*** Material provided Section Begins ***
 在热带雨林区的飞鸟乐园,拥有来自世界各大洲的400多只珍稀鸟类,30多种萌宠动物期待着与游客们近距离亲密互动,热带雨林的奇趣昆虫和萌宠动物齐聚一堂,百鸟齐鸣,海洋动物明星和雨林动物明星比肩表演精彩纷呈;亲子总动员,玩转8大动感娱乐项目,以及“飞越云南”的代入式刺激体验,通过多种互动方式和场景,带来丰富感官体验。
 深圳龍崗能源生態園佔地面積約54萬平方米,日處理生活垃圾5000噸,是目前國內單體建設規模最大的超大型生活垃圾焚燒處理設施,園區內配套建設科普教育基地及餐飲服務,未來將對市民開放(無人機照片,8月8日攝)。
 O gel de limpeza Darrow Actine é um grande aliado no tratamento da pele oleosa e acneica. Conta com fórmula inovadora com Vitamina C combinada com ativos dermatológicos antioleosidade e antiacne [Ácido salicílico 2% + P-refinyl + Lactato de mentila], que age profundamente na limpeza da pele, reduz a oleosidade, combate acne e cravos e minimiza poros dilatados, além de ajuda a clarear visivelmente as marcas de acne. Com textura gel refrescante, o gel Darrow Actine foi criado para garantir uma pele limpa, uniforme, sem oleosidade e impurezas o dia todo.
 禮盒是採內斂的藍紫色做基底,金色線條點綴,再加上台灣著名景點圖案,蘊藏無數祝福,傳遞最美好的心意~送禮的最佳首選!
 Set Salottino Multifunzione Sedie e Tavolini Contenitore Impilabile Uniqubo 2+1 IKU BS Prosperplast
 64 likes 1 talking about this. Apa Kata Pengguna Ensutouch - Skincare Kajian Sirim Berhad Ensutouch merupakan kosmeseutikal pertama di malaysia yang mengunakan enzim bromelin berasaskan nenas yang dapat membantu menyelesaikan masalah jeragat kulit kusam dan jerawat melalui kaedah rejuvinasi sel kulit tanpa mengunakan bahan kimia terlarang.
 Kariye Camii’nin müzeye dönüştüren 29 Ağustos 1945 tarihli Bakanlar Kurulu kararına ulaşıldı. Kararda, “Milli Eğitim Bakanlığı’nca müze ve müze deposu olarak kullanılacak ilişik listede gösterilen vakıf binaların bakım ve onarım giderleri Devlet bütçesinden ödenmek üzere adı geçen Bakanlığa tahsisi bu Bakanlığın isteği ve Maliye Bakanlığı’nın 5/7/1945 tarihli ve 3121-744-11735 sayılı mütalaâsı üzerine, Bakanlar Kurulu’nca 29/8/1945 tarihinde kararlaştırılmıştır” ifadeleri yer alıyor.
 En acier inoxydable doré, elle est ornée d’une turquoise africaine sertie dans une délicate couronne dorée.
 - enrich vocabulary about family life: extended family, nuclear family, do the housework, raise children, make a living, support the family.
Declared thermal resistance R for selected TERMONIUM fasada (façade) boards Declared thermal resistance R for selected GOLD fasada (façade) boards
*** Material provided Section Ends ***
_Assigned task:_
The answer should be an exact copy of the data.

_Written answer:_
 在热带雨林区的飞鸟乐园,拥有来自世界各大洲的400多只珍稀鸟类,30多种萌宠动物期待着与游客们近距离亲密互动,热带雨林的奇趣昆虫和萌宠动物齐聚一堂,百鸟齐鸣,海洋动物明星和雨林动物明星比肩表演精彩纷呈;亲子总动员,玩转8大动感娱乐项目,以及“飞越云南”的代入式刺激体验,通过多种互动方式和场景,带来丰富感官体验。
 深圳龍崗能源生態園佔地面積約54萬平方米,日處理生活垃圾5000噸,是目前國內單體建設規模最大的超大型生活垃圾焚燒處理設施,園區內配套建設科普教育基地及餐飲服務,未來將對市民開放(無人機照片,8月8日攝)。
 O gel de limpeza Darrow Actine é um grande aliado no tratamento da pele oleosa e acneica. Conta com fórmula inovadora com Vitamina C combinada com ativos dermatológicos antioleosidade e antiacne [Ácido salicílico 2% + P-refinyl + Lactato de mentila], que age profundamente na limpeza da pele, reduz a oleosidade, combate acne e cravos e minimiza poros dilatados, além de ajuda a clarear visivelmente as marcas de acne. Com textura gel refrescante, o gel Darrow Actine foi criado para garantir uma pele limpa, uniforme, sem oleosidade e impurezas o dia todo.
 禮盒是採內斂的藍紫色做基底,金色線條點綴,再加上台灣著名景點圖案,蘊藏無數祝福,傳遞最美好的心意~送禮的最佳首選!
 Set Salottino Multifunzione Sedie e Tavolini Contenitore Impilabile Uniqubo 2+1 IKU BS Prosperplast
 64 likes 1 talking about this. Apa Kata Pengguna Ensutouch - Skincare Kajian Sirim Berhad Ensutouch merupakan kosmeseutikal pertama di malaysia yang mengunakan enzim bromelin berasaskan nenas yang dapat membantu menyelesaikan masalah jeragat kulit kusam dan jerawat melalui kaedah rejuvinasi sel kulit tanpa mengunakan bahan kimia terlarang.
 Kariye Camii’nin müzeye dönüştüren 29 Ağustos 1945 tarihli Bakanlar Kurulu kararına ulaşıldı. Kararda, “Milli Eğitim Bakanlığı’nca müze ve müze deposu olarak kullanılacak ilişik listede gösterilen vakıf binaların bakım ve onarım giderleri Devlet bütçesinden ödenmek üzere adı geçen Bakanlığa tahsisi bu Bakanlığın isteği ve Maliye Bakanlığı’nın 5/7/1945 tarihli ve 3121-744-11735 sayılı mütalaâsı üzerine, Bakanlar Kurulu’nca 29/8/1945 tarihinde kararlaştırılmıştır” ifadeleri yer alıyor.
 En acier inoxydable doré, elle est ornée d’une turquoise africaine sertie dans une délicate couronne dorée.
 - enrich vocabulary about family life: extended family, nuclear family, do the housework, raise children, make a living, support the family.
Declared thermal resistance R for selected TERMONIUM fasada (façade) boards Declared thermal resistance R for selected GOLD fasada (façade) boards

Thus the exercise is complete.